The block allocator is where the storage manager derives much of its flexibilty. Rather than keep our heap in a single contiguous region of memory, or one contiguous region per generation, we manage linked lists of memory blocks. Managing contiguous regions is difficult, especially when you want to change the size of some of the areas. A block-structured storage arrangement has several advantages:
* resizing areas of memory is easy: just chain more blocks onto the list.
* managing large objects without copying is easy: allocate each one a complete block, and use the block linkage to
chain them together.
* free memory can be recycled faster, because a block is a block.
The concept relies on the property that most data objects are significantly smaller than a block, and only rarely do we need to allocate objects that approach or exceed the size of a block.
=== Structure of blocks ===
We want to allocate memory in units of a small block (around 4k, say). Furthermore, we want each block to have an associated small structure called a ''block descriptor'', which contains information about the block: its link field, which generation it belongs to, and so on.

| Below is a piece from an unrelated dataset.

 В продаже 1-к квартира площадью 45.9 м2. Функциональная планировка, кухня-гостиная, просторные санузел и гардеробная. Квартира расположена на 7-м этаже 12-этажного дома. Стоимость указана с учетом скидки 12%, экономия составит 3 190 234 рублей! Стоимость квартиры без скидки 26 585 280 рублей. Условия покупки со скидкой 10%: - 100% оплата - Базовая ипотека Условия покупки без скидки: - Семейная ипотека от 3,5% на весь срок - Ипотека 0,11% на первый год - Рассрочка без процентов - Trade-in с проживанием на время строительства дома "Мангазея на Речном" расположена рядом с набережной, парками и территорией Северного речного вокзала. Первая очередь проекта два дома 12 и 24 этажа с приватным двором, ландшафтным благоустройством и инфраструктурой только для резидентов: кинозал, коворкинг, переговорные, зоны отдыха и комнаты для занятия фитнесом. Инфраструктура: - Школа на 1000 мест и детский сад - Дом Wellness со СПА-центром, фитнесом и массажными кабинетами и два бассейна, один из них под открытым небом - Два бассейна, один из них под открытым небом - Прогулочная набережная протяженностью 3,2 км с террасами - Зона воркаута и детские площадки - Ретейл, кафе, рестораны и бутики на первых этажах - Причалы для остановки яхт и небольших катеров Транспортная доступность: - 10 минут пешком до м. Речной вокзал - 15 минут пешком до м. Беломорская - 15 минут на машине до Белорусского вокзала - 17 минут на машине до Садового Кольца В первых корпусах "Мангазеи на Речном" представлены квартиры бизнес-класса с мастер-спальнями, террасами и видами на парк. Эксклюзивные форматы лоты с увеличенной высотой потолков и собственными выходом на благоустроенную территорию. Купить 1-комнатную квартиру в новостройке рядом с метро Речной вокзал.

This is similar to the well-known "BiBOP" (Big Bag of Pages) technique, where objects with similar tags are collected together on a page so as to avoid needing to store an individual tag with each object.
We want a function `Bdescr(p)`, that, given an arbitrary pointer into a block, returns the address of the block descriptor that corresponds to the block containing that pointer.
There are two options:
* Put the block descriptor at the start of the block. `Bdescr(p) = p & ~BLOCK_SIZE`. This option has problems if
we need to allocate a contiguous region larger than a single block (GHC does this occasionally when allocating
a large number of objects in one go).
* Allocate memory in larger units (a ''megablock''), divide the megablock into blocks, and put all the block
descriptors at the beginning. The megablock is aligned, so that the address of the block descriptor for
a block is a simple function of its address. The 'Bdescr' function is more complicated than the first
method, but it is easier to allocate contiguous regions (unless the contiguous region is larger than
a megablock...).
We adopt the second approach. The following diagram shows a megablock:
[[Image(sm-block.png)]]
We currently have megablocks of 1Mb in size (m = 20) with blocks of 4k in size (k = 12), and these sizes are easy to change ([[GhcFile(includes/Constants.h)]]).

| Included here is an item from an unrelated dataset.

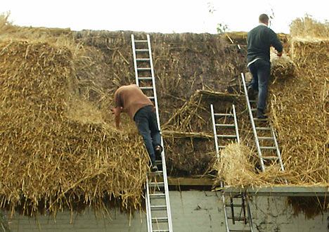 So how does one thatch a cottage? First the thatch is tied in bundles, then laid in an underlayer on the roof beams and pegged in place with rods made of hazel or withy.

Block descriptors are currently 32 or 64 bytes depending on the word size (d = 5 or 6). The block descriptor itself is
the structure `bdescr` defined in [[GhcFile(includes/Block.h)]], and that file also defines the `Bdescr()` macro.

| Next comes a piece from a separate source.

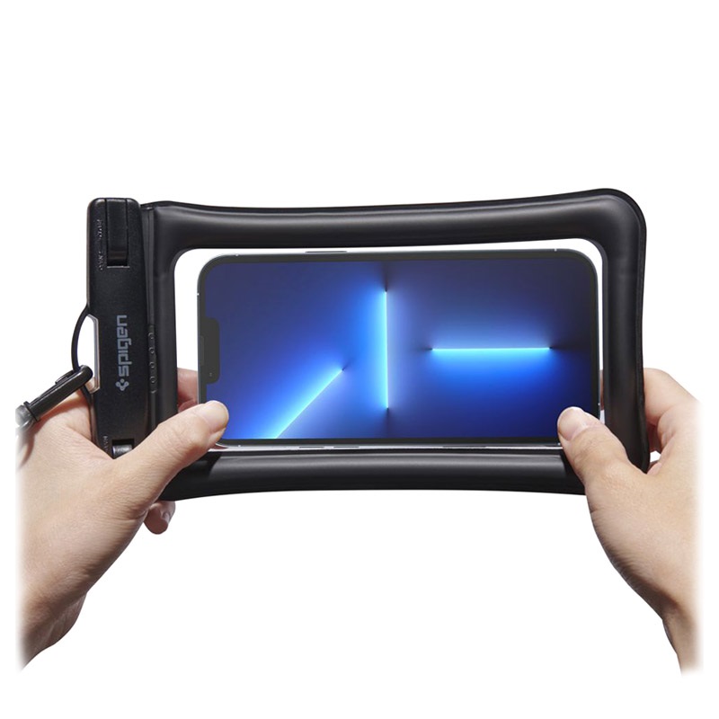 Spigen A610 universelle flydende cover er et must-have tilbehør til vandaktiviteter. Med en IPX8 vandtæt klassificering kan du bruge din telefon under vandet i op til 30 meters dybde. En luftlomme inde i coveret vil holde din telefon på vandoverfladen; så hvis du mister den, vil du nemt finde den igen. Det gennemsigtige design på begge sider lader dig tage billeder og betjene touchskærmen.

The block allocator has a the following structure:
* At the bottom, talking to the OS, is the megablock allocator ([[GhcFile(rts/MBlock.c)]], [[GhcFile(rts/MBlock.h)]]).
It is responsible for delivering megablocks, correctly aligned, to the upper layers. It is also responsible for
implementing `HEAP_ALLOCED()`: the predicate that tests whether a pointer points to dynamically allocated memory
or not. This is implemented as a simple bitmap lookup on a 32-bit machine, and something more complex on
64-bit addressed machines. See [[GhcFile(rts/MBlock.h)]] for details.
[[br]][[br]]
Currently, megablocks are never freed back to the OS, except at the end of the program. This is a potential
improvement that could be made.
* Sitting on top of the megablock allocator is the block layer ([[GhcFile(includes/Block.h)]], [[GhcFile(rts/BlockAlloc.c)]]).
This layer is responsible for providing:
{{{
void *allocGroup(int)
void freeGroup(void *)
}}}
These functions allocate and deallocate a block ''group'': a contiguous sequence of blocks (the degenerate, and common, case
is a single block). The block allocator is responsible for keeping track of free blocks. Currently it does this by
maintaining an ordered (by address) list of free blocks, with contiguous blocks coallesced. However this is certanly
not optimal, and has been shown to be a bottleneck in certain cases - improving this allocation scheme would be good.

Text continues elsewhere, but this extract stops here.